§ Material to process
^^^^^^^^^^^^^^^^
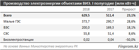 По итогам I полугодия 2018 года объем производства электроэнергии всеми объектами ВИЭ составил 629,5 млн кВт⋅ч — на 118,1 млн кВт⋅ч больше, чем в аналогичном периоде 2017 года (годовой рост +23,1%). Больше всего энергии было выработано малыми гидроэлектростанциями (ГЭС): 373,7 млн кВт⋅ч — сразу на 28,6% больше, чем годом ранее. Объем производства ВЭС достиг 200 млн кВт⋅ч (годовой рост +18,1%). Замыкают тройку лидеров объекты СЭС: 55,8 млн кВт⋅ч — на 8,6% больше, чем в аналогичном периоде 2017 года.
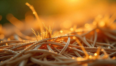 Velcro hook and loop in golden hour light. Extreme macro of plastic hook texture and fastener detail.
^^^^^^^^^^^^^^^^
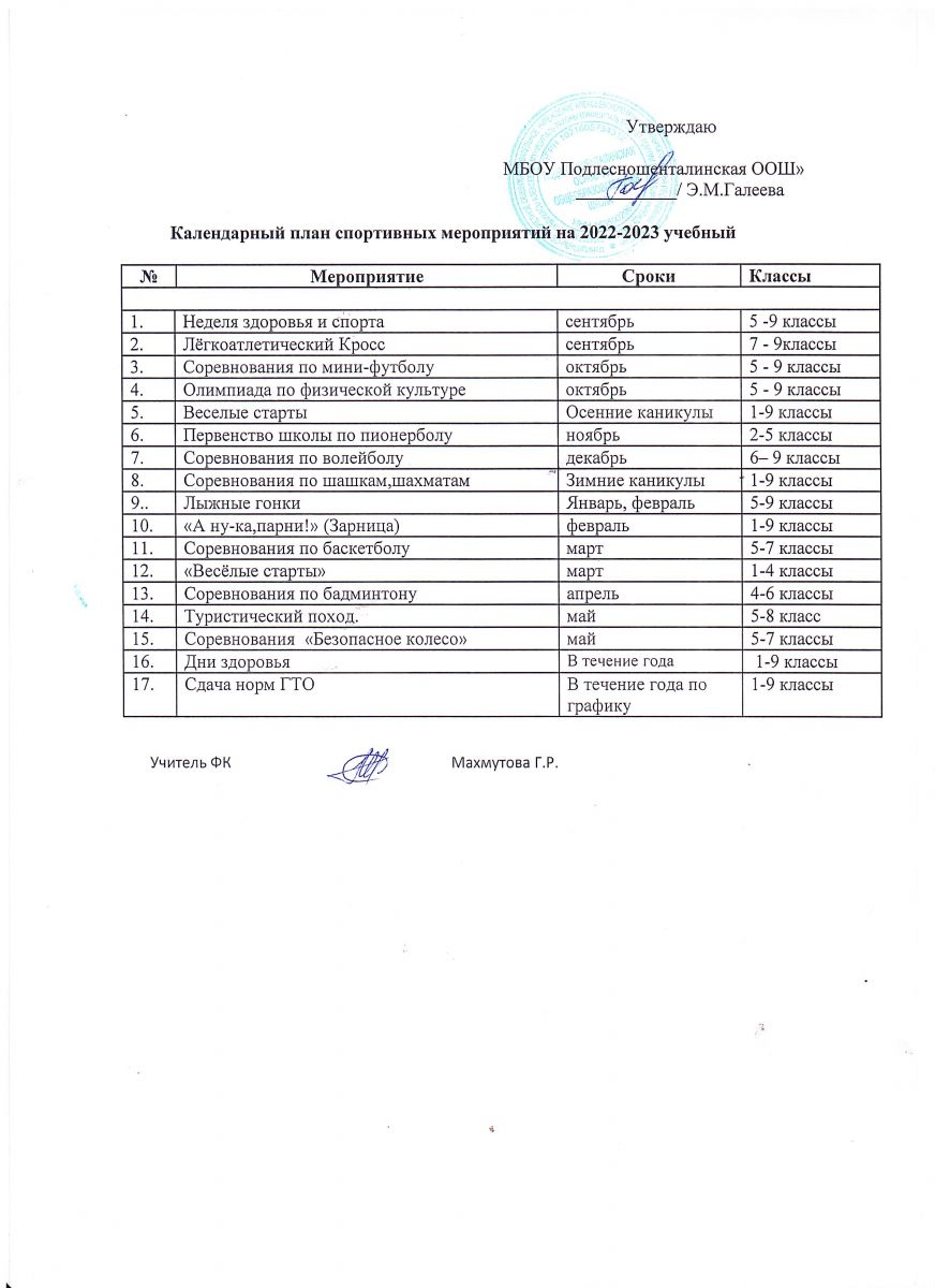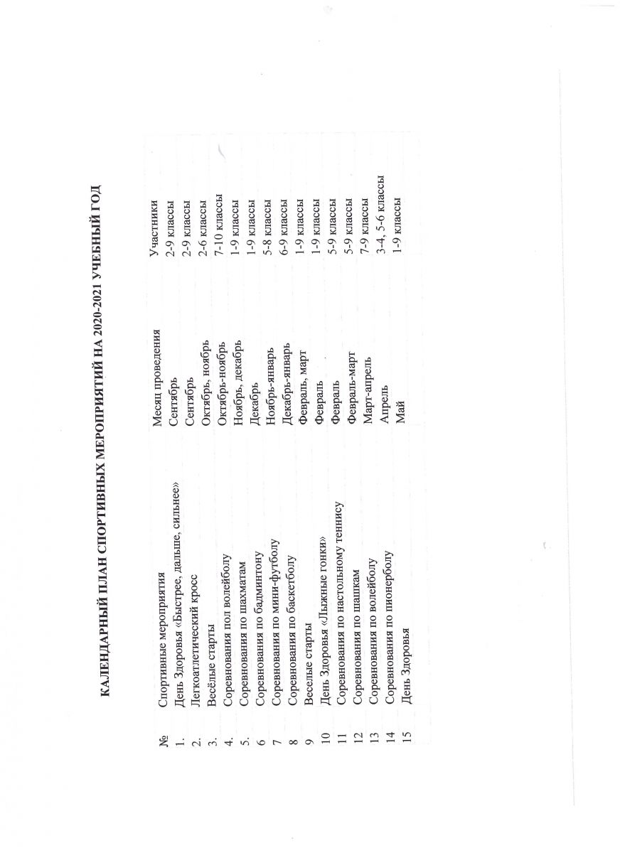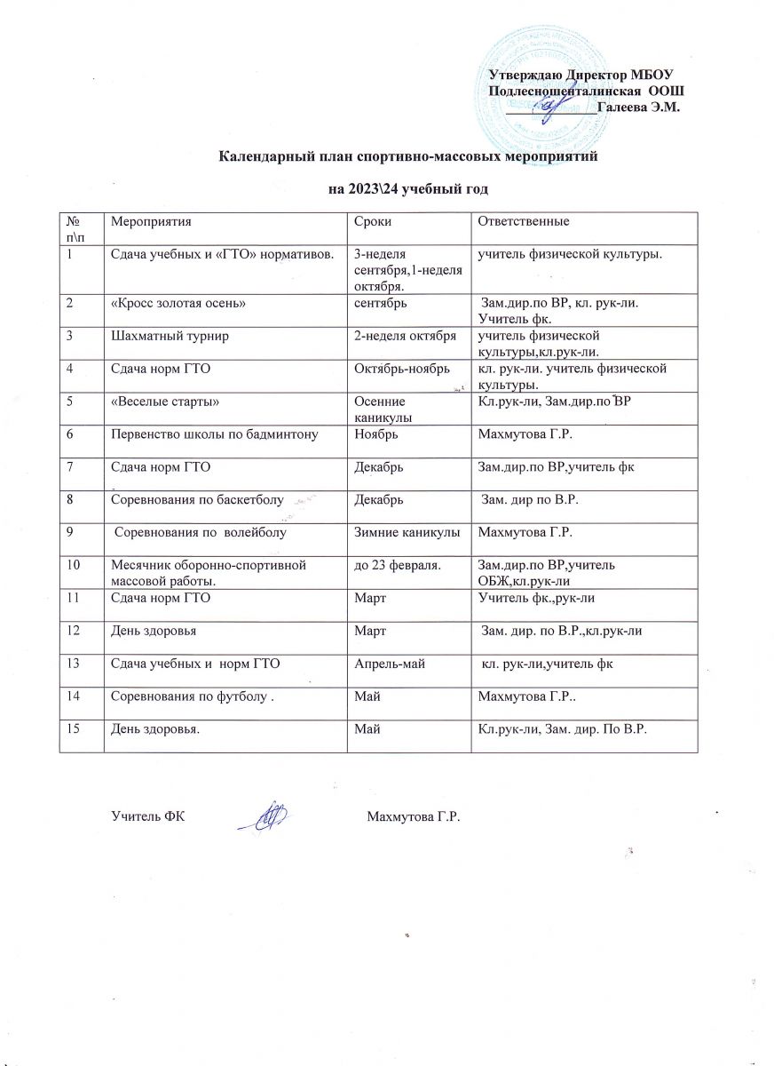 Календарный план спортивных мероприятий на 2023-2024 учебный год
^^^^^^^^^^^^^^^^
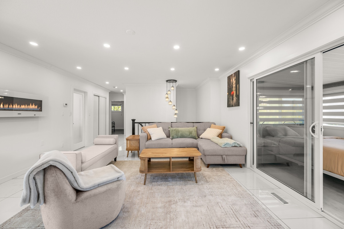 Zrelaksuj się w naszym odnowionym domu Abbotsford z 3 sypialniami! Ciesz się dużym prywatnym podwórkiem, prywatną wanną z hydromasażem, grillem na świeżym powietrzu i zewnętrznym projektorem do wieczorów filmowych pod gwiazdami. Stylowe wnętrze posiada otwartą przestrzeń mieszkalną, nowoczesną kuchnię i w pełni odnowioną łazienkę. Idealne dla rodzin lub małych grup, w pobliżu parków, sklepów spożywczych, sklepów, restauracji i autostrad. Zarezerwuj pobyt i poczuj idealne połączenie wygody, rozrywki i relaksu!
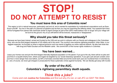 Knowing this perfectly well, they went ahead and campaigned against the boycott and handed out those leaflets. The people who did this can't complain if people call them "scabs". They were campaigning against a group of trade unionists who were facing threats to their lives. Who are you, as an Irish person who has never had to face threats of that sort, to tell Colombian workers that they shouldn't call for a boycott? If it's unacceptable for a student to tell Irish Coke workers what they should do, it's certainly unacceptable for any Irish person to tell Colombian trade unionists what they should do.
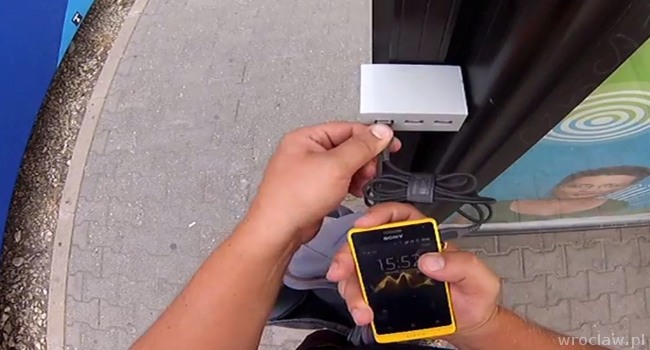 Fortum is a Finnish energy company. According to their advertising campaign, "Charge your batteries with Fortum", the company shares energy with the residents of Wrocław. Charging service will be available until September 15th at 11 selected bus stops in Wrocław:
^^^^^^^^^^^^^^^^
Nothing but the lines from the one with "По итогам I" up to and including the one with "Velcro hook and" should be printed, exactly as they read above. Please keep the pictures out.

 По итогам I полугодия 2018 года объем производства электроэнергии всеми объектами ВИЭ составил 629,5 млн кВт⋅ч — на 118,1 млн кВт⋅ч больше, чем в аналогичном периоде 2017 года (годовой рост +23,1%). Больше всего энергии было выработано малыми гидроэлектростанциями (ГЭС): 373,7 млн кВт⋅ч — сразу на 28,6% больше, чем годом ранее. Объем производства ВЭС достиг 200 млн кВт⋅ч (годовой рост +18,1%). Замыкают тройку лидеров объекты СЭС: 55,8 млн кВт⋅ч — на 8,6% больше, чем в аналогичном периоде 2017 года.
 Velcro hook and loop in golden hour light. Extreme macro of plastic hook texture and fastener detail.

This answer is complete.